William did not play cricket but he was extremely knowledgea­ble about the game and valued as an umpire. He volunteere­d to stand in a house match involving a team of a master who had upset him by failing him in a Greek test. He gave one boy out LBW for a ball that hit him on the shoulder, another run out when Mogg himself had impeded him, yet another out caught by the wicket-keeper when he was certainly dropped. And so it went on until the Greek master’s team had lost. “An extraordin­ary run of misfortune, Sir,” said William.

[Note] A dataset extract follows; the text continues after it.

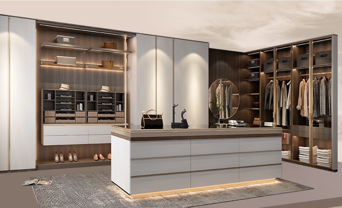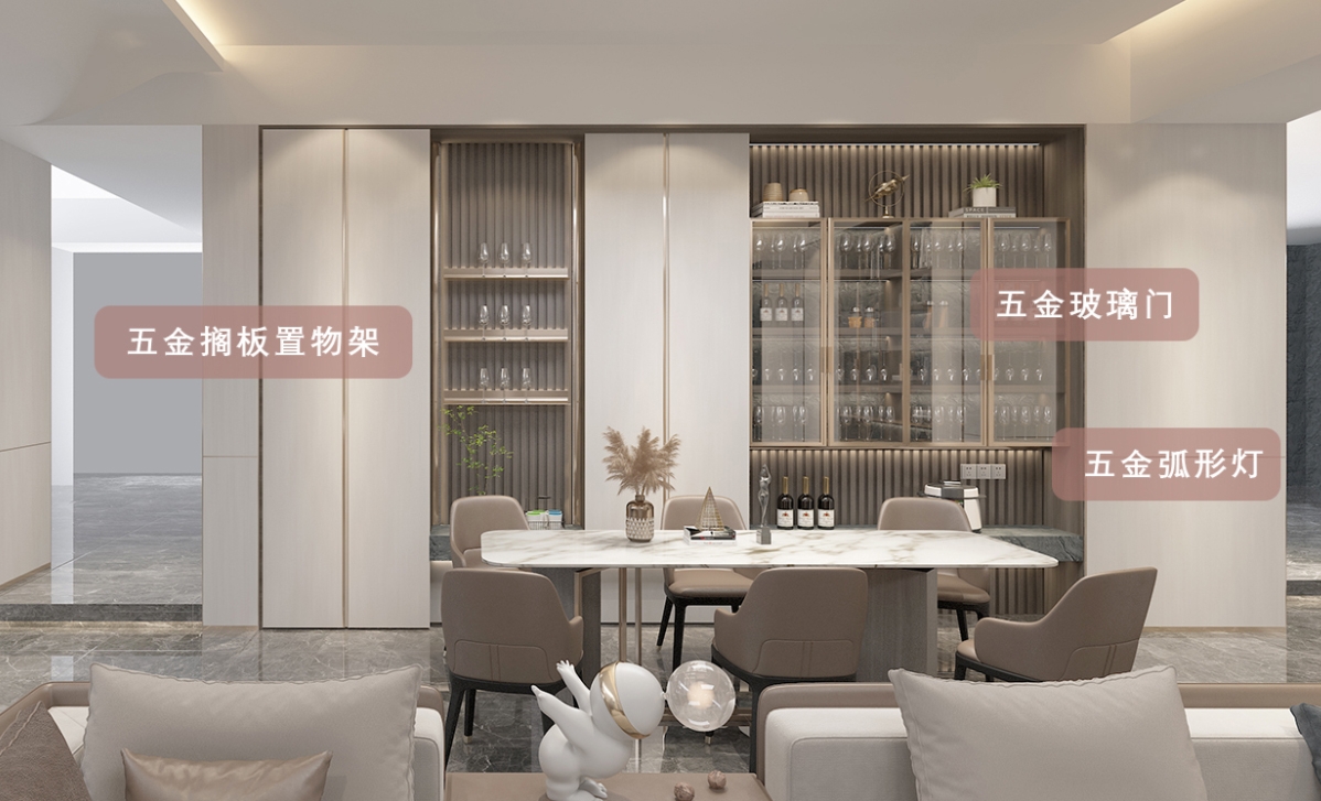新开发功能五金弧形灯、弧形搁板架,可使用于大型开放架和层板夹层以,让设计更有层次感。

Father and son, both with a strong and historic vision of England, have a staunch aversion to the EU. In 1993 William brought a (failed) legal case challengin­g the government’s policy over the Maastricht agreement. Now Jacob is a leading Brexit enthusiast though not a tub-thumper (Jacob is not the sort who thumps a tub).

Strategy or the demands of his sixweek sixth son, or both, have meant Jacob has been very much around this August, a good place to be if you want to fill the gap an absent parliament leaves. Yesterday he was on the Today programme talking about pronunciat­ion, nary (18th century for never) putting a syllable wrong.